An Opening Position Disclosure must contain details of the person's interests and short positions in, and rights to subscribe for, any relevant securities of each of (i) the offeree company and (ii) any paper offeror(s). An Opening Position Disclosure by a person to whom Rule 8.3(a) applies must be made by no later than 3.30 pm (London time) on the 10th business day following the commencement of the offer period and, if appropriate, by no later than 3.30 pm (London time) on the 10th business day following the announcement in which any paper offeror is first identified. Relevant persons who deal in the relevant securities of the offeree company or of a paper offeror prior to the deadline for making an Opening Position Disclosure must instead make a Dealing Disclosure.
Under Rule 8.3(b) of the Code, any person who is, or becomes, interested in 1% or more of any class of relevant securities of the offeree company or of any paper offeror must make a Dealing Disclosure if the person deals in any relevant securities of the offeree company or of any paper offeror. A Dealing Disclosure must contain details of the dealing concerned and of the person's interests and short positions in, and rights to subscribe for, any relevant securities of each of (i) the offeree company and (ii) any paper offeror, save to the extent that these details have previously been disclosed under Rule 8. A Dealing Disclosure by a person to whom Rule 8.3(b) applies must be made by no later than 3.30 pm (London time) on the business day following the date of the relevant dealing.

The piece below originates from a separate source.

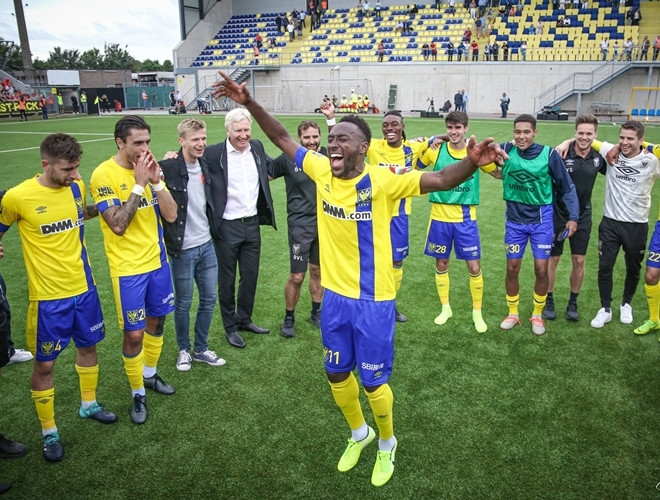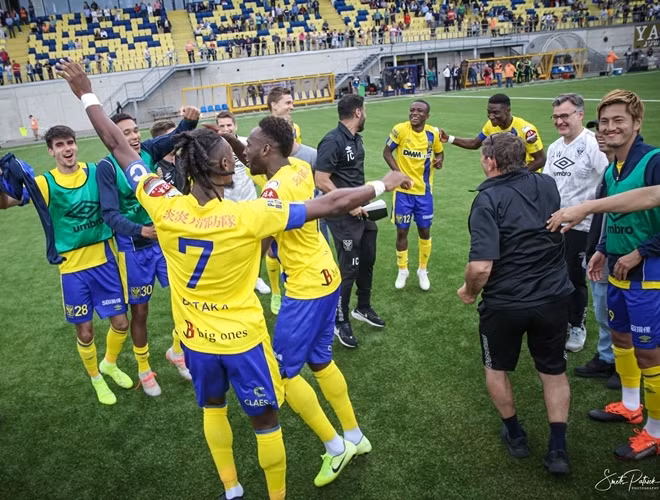 ANTD.VN - Không được xếp thi đấu trong trận thắng Standard Liege hôm 11-8, tiền đạo Nguyễn Công Phượng vẫn hòa mình vào không khí hứng khởi cùng các đồng đội Sint-Truidense (STVV) khi tan trận.

If two or more persons act together pursuant to an agreement or understanding, whether formal or informal, to acquire or control an interest in relevant securities of an offeree company or a paper offeror, they will be deemed to be a single person for the purpose of Rule 8.3.
Opening Position Disclosures must also be made by the offeree company and by any offeror and Dealing Disclosures must also be made by the offeree company, by any offeror and by any persons acting in concert with any of them (see Rules 8.1, 8.2 and 8.4).
Details of the offeree and offeror companies in respect of whose relevant securities Opening Position Disclosures and Dealing Disclosures must be made can be found in the Disclosure Table on the Takeover Panel's website at www.thetakeoverpanel.org.uk, including details of the number of relevant securities in issue, when the offer period commenced and when any offeror was first identified. If you are in any doubt as to whether you are required to make an Opening Position Disclosure or a Dealing Disclosure, you should contact the Panel's Market Surveillance Unit on +44 (0)20 7638 0129.